As described earlier, there were three tumors with BRCA1/2 mutations that had low GI scores. While all tumors were predicted as positive by the AmoyDx® HRD Focus Panel, one had a low GI score both with the AmoyDx® HRD Focus Panel and OncoScan™. The remaining two had positive scores. Interestingly, these three patients received first-line platinum-based treatment, two followed by maintenance treatment, and all remain free of recurrence 2.5 years from treatment initiation.

3.1.6. Concordance in Terms of Final HRD Status

Results based on the analysis of the HRD status (using both GI status and the presence of BRCA1/2 pathogenic variants) are shown in Table 3. The sensitivity, specificity, PPV and NPV were only assessed for AmoyDx® HRD Focus Panel/Myriad MyChoice (Table 3). Analysis was not performed for OncoScan™ because the assessment of BRCA1/2 mutations which accompanies GI score calculation was performed in a different lab (Laboratory of Molecular Oncology), was not part of the same pipeline and might introduce additional bias.

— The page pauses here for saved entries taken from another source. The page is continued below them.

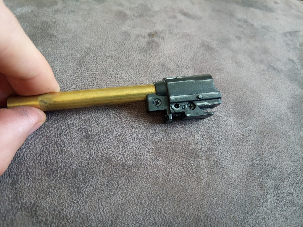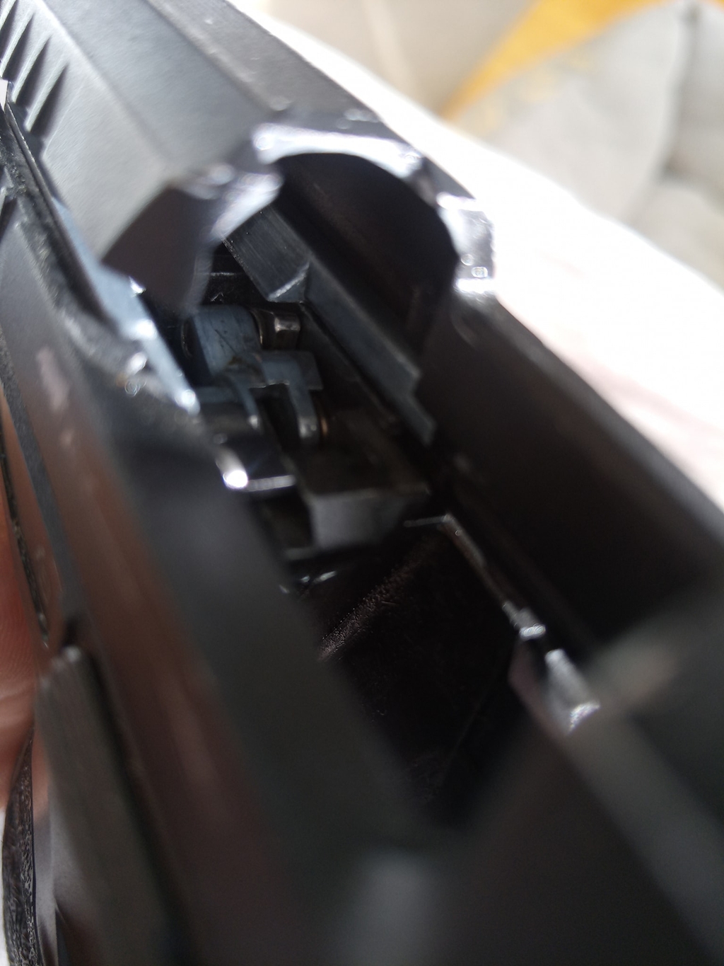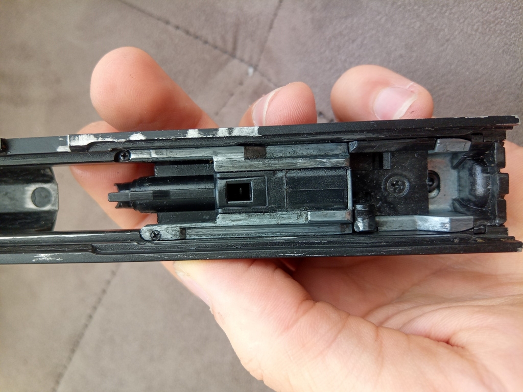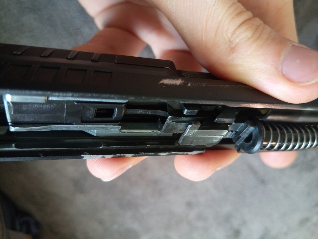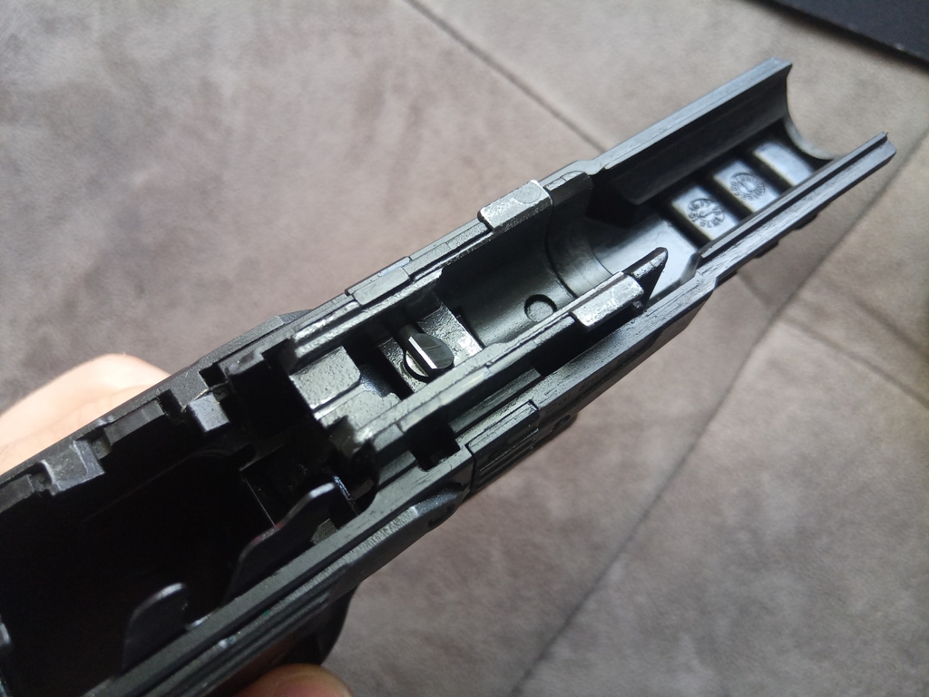 Az első irányzékot egy műanyag betéttel rögzítették, amely a külső csövön ütközik fel. Ez egy ötletes és jó megoldás, hiszen a WE Glock-ok esetén is bevált a műanyag betét használata. De hiába próbálták megakadályozni a külső cső törését és stabilizálni a szán mozgását. Sajnos a külső cső eléggé vékonyka, de ettől sokkal rosszabbul járt a szán. Van egy vékonyka él a szánban, ahol szószerint tizedmilliméteres felvastagság található, éles és határozott éllel, semmi lekerekítés nem található itt. Nos, nem meglepő módon itt a szán rendszeresen reped és törik, ahogy nekem az EU-verziós szánon már el is indult a repedés. Ez sajnos egy olyan tervezési hiba, amellyel nem lehet mit kezdeni. Könnyelmű hiba a gyártó által, ezzel a használhatósági faktort nullára redukálták.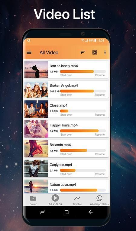 => Anda dapat mengakses semua file video Anda di dalam aplikasi.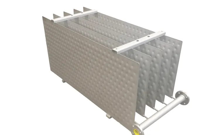 Cet échangeur de chaleur se compose d'un certain nombre de Pillow Plates verticales et d'un système de distribution d'eau.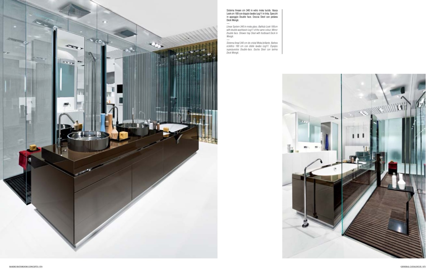 Sistema lineare cm 340 in vetro moka lucido. Vasca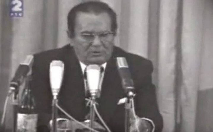 Ovo je snimljeno 3. aprila 1975. godine kada se Tito obraćao javnosti, ali skoro ništa nije moglo da se čuje jer se morao boriti sa svojim pudlicama, koje su konstantno lajale.

3.1.7. Mutations in HRR Genes

In addition to BRCA1/2, pathogenic variants were detected in other homologous recombination genes, including ATM, BRIP1, CHEK2, PALB2, RAD51C and RAD51D. One tumor, with a negative GI status by Myriad MyChoice, had four ATM loss-of-function variants and a pathogenic BRCA2 variant. Another tumor that was GI-positive with Myriad MyChoice had both a splice-disrupting variant in RAD51C and a pathogenic BRCA1 variant. Two tumors found GI-positive by Myriad MyChoice were devoid of pathogenic or likely pathogenic BRCA1/BRCA2 variants, but one harbored a pathogenic RAD51C variant and the other two loss-of-function PALB2 variants.
Contrarily, a pathogenic CHEK2 variant was detected in a patient with a GI-negative tumor, while a patient’s tumor with an inconclusive GI status harbored a likely pathogenic FANCL variant and a splice variant in ATM. Both of these tumors were negative for pathogenic BRCA1 and BRCA1 variants.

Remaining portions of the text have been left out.